You are viewing a plain text version of this content. The canonical link for it is here.
Posted to dev@parquet.apache.org by Jörg Anders <jr...@ymail.com.INVALID> on 2017/08/07 13:38:33 UTC

why line by line

Hi all!
I have a general question concerning PARQUET. 
PARQUET is a columnar store. But the typical Apache PARQUET Writer/Reader loops use a row by row strategy:
Iterator<Valuet> itr = theValues.iterator();
while (itr.hasNext()) {
            writer.write(groupFromValue(itr.next()));
}
writer.close();
Assume I had the columns at hand. This procedure requires to convert them into rows. Is there a way to write columns directly?If not: Could please anybody explain the contradiction between the columnar nature of PARQUET and a the row by rowbased read/write stratagy. 
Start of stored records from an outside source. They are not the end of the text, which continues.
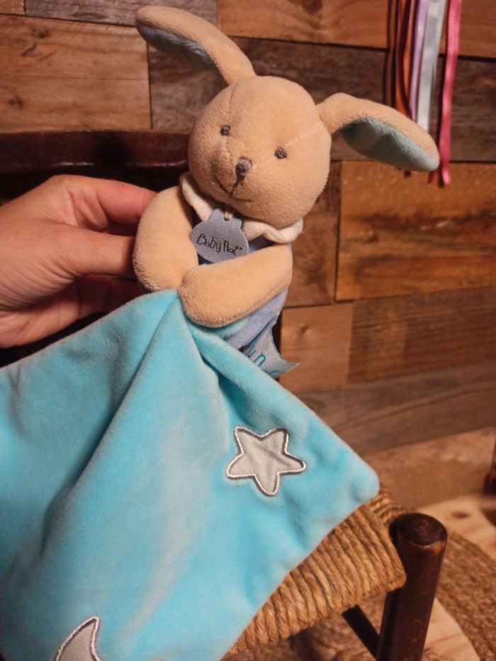 Doudou lapin baby Nat Tbe Lapin bleu étoile lune N'hésitez pas à faire un lot pour economiser sur les frais de port Pour voir les autres articles de la même categorie : #badaboooom_doudous #badaboooom_babynat
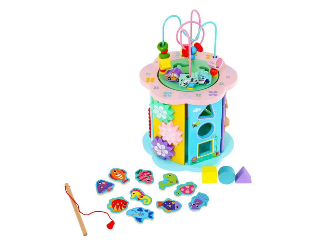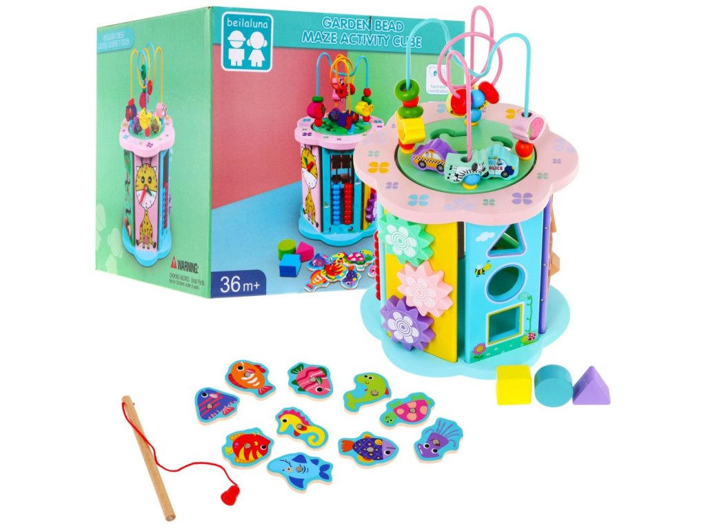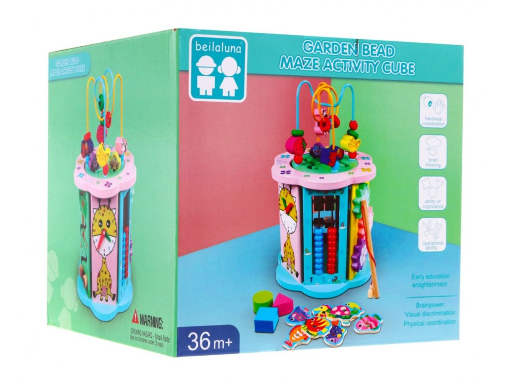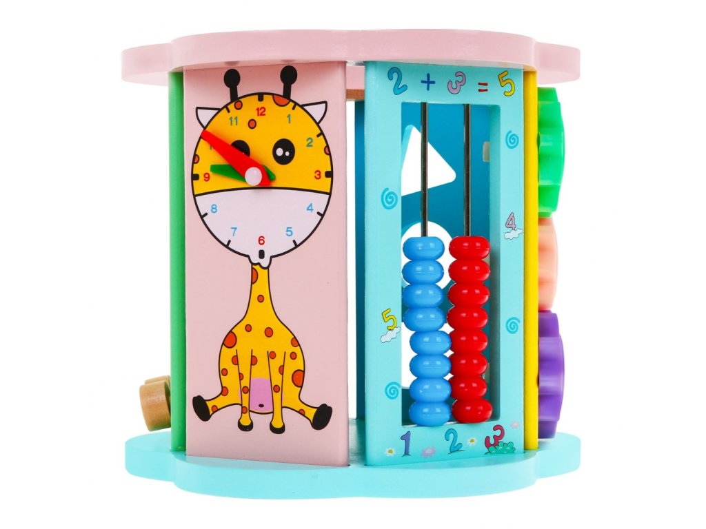 Wooden educational multifunctional cube is a tool for learning through play. It is intended for children from 3 years of age. It is made of safe materials, the wood is covered with non-toxic colored paint in pastel colors pleasant to the eye. It has a streamlined shape without sharp ends. In the upper part there is a maze with beads, fruit and animals, and cars sliding on the track. This part can be detached from the whole. In the middle of the cube there is a place for blocks and animals with magnets that were included in the set. There is a lake on the bottom of the cube where you can place animals with magnets, and then fish them with a fishing rod. The presented cube is an 8-in-1 toy, each wall has different tasks. Blue wall with an abacus On this wall, the child will be able to perform the first math operations: addition and subtraction. Pink wall with a clock The child will get acquainted with the clock, learn to recognize the time. Green wall with a labyrinth with animals The sliding elements perfectly support the development of toddlers and develop manual dexterity. A purple wall with a puzzle with letters and animals Learning to recognize numbers and count. Blue wall sorter The child learns to recognize shapes, colors, and how to sort objects. Improves manual skills, exercises the efficiency and precision of small hands movements. Yellow wall, colored gears making a mechanical noise Playing with gears triggers creativity in the child, teaches observation and concentration. The fun with this cube will not end quickly, and thanks to the solid quality of workmanship, it will serve the child for a very long time. | |
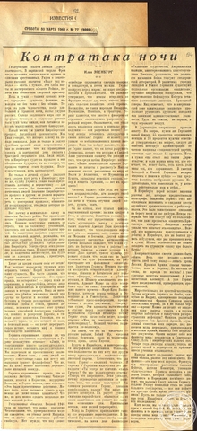 На Нюрнбергском процессе Илья Эренбург пробыл недолго и посвятил ему три больших очерка: первый, «Мораль истории», вышел в «Правде» 1 декабря 1945-го, вторым был уже процитированный «Час ответа», третий, «Контратака ночи», напечатали 30 марта 1946 года «Известия». В последнем Эренбург поднимал важнейшую тему возможной реставрации фашизма, страшного «контрнаступления смерти». «Меньше года назад, — писал он, — когда Красная Армия шла к Берлину, еще лилась кровь России». «Не высохли те слезы, не заросли те могилы! А уже скверные шептуны нашептывают. А уже клеветники клевещут. А уже Геринг ищет последователей, приверженцев, продолжателей» – предупреждал он. Говоря о значении Нюрнбергского процесса Эренбург пророчески писал: «…Он должен вгрызться в память забывчивых, предостеречь от повторения прошлого; обвинители не архивариусы, это люди, которые защищают будущее».
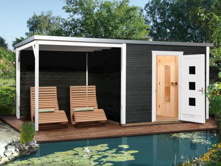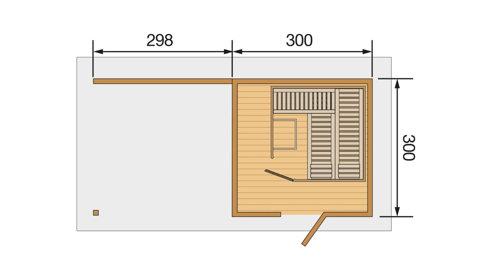 Prémium Weka szaunaház Q413 gerendaház 300 x 300 cm +300 cm terasz

Is it for technical reasons, perhapsbecause of some requirements of  the record shredding and assembly algorithm?
An URL would suffice.
Thank you in advance
Joerg
 

Re: why line by line

Posted by Wes McKinney <we...@gmail.com>.
hi Joerg,

It sounds like you are referring to the record-based writer API that's
found in parquet-mr, which was originally designed for use in Hadoop
MapReduce (if I understand correctly).

There is no requirement to write Parquet files in this fashion. The
Parquet C++ writer and reader API
(https://github.com/apache/parquet-cpp) is vectorized / column based.
Some systems (like Spark, Dremio, Drill, I believe) have vectorized
Java implementations.

There is interest in creating an Arrow-based columnar reader and
writer API for Java within parquet-mr; that would be a promising
approach.

- Wes

On Mon, Aug 7, 2017 at 9:38 AM, Jörg Anders
<jr...@ymail.com.invalid> wrote:
> Hi all!
> I have a general question concerning PARQUET.
> PARQUET is a columnar store. But the typical Apache PARQUET Writer/Reader loops use a row by row strategy:
> Iterator<Valuet> itr = theValues.iterator();
> while (itr.hasNext()) {
>             writer.write(groupFromValue(itr.next()));
> }
> writer.close();
> Assume I had the columns at hand. This procedure requires to convert them into rows. Is there a way to write columns directly?If not: Could please anybody explain the contradiction between the columnar nature of PARQUET and a the row by rowbased read/write stratagy.
>
> Is it for technical reasons, perhapsbecause of some requirements of  the record shredding and assembly algorithm?
> An URL would suffice.
> Thank you in advance
> Joerg
>